START Available data

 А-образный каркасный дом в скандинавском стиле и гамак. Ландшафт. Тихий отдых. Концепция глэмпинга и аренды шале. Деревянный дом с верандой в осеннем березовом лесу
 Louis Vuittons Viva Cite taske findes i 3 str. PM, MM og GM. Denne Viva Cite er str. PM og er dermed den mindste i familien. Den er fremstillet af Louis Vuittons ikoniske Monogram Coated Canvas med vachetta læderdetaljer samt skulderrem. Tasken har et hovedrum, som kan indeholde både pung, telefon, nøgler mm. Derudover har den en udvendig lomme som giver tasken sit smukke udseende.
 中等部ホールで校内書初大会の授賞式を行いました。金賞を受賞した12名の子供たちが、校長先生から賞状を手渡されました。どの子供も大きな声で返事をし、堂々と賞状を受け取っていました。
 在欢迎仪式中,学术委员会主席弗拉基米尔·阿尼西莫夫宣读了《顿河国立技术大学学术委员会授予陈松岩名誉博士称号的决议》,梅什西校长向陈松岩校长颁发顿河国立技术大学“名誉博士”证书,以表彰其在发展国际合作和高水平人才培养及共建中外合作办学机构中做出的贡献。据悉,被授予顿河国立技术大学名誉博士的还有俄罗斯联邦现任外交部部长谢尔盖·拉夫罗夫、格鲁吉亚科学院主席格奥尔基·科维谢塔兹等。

END Available data
START Available data

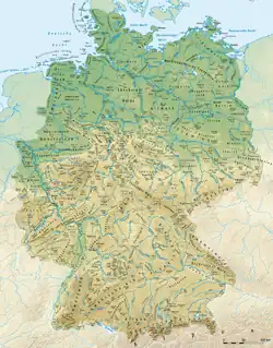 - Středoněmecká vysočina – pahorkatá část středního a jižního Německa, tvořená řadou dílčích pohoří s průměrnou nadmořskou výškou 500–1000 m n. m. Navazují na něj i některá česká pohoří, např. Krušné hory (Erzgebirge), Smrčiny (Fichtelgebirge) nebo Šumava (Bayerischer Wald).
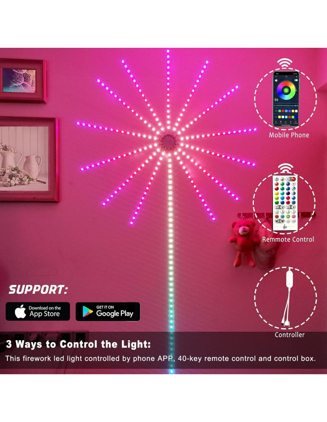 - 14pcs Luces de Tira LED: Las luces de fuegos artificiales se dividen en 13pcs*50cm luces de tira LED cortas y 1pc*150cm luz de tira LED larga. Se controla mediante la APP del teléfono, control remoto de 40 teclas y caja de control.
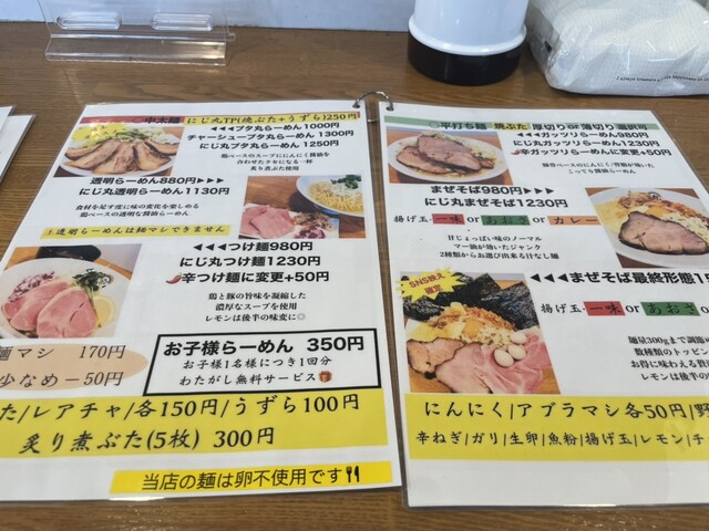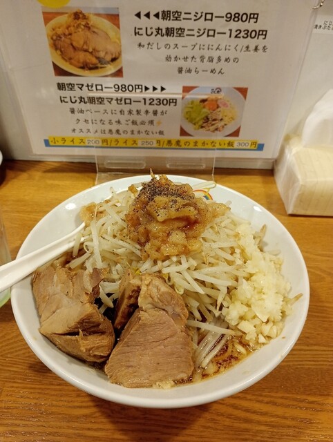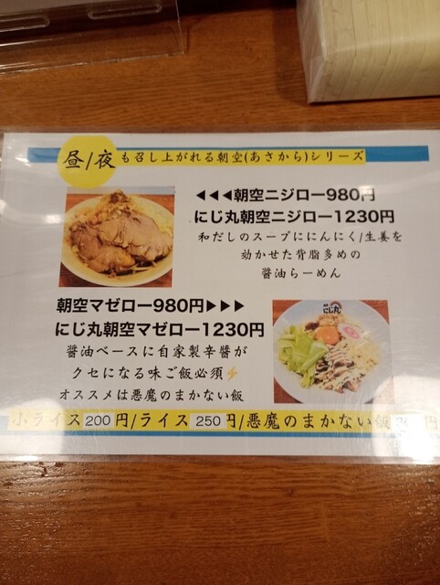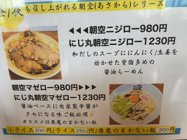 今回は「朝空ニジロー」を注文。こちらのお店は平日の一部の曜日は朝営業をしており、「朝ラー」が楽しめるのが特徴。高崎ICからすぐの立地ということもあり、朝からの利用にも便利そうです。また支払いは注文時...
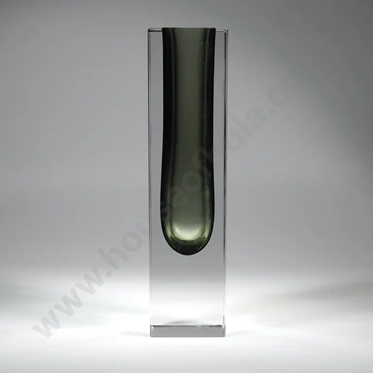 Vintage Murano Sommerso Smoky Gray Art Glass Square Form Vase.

END Available data
START Available data

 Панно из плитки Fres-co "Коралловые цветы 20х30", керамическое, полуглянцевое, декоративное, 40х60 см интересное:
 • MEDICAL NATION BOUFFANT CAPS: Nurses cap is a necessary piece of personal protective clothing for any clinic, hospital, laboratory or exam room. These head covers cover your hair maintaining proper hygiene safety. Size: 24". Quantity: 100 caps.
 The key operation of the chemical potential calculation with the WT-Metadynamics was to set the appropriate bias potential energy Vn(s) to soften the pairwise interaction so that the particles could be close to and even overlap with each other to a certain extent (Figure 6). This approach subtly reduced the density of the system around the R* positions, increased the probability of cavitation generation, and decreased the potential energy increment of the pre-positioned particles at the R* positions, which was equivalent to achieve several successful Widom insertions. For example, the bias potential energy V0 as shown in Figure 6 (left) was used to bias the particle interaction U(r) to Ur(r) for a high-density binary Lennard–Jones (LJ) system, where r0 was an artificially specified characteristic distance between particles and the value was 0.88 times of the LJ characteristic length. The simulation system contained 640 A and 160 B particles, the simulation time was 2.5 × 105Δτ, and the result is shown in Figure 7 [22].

END Available data

*Task goal*
Scan the entries above for the line containing "Louis Vuittons Viva", and copy it and all lines after it exactly, down to and including the line containing "在欢迎仪式中,学术委员会主席".

*Solved exercise*
 Louis Vuittons Viva Cite taske findes i 3 str. PM, MM og GM. Denne Viva Cite er str. PM og er dermed den mindste i familien. Den er fremstillet af Louis Vuittons ikoniske Monogram Coated Canvas med vachetta læderdetaljer samt skulderrem. Tasken har et hovedrum, som kan indeholde både pung, telefon, nøgler mm. Derudover har den en udvendig lomme som giver tasken sit smukke udseende.
 中等部ホールで校内書初大会の授賞式を行いました。金賞を受賞した12名の子供たちが、校長先生から賞状を手渡されました。どの子供も大きな声で返事をし、堂々と賞状を受け取っていました。
 在欢迎仪式中,学术委员会主席弗拉基米尔·阿尼西莫夫宣读了《顿河国立技术大学学术委员会授予陈松岩名誉博士称号的决议》,梅什西校长向陈松岩校长颁发顿河国立技术大学“名誉博士”证书,以表彰其在发展国际合作和高水平人才培养及共建中外合作办学机构中做出的贡献。据悉,被授予顿河国立技术大学名誉博士的还有俄罗斯联邦现任外交部部长谢尔盖·拉夫罗夫、格鲁吉亚科学院主席格奥尔基·科维谢塔兹等。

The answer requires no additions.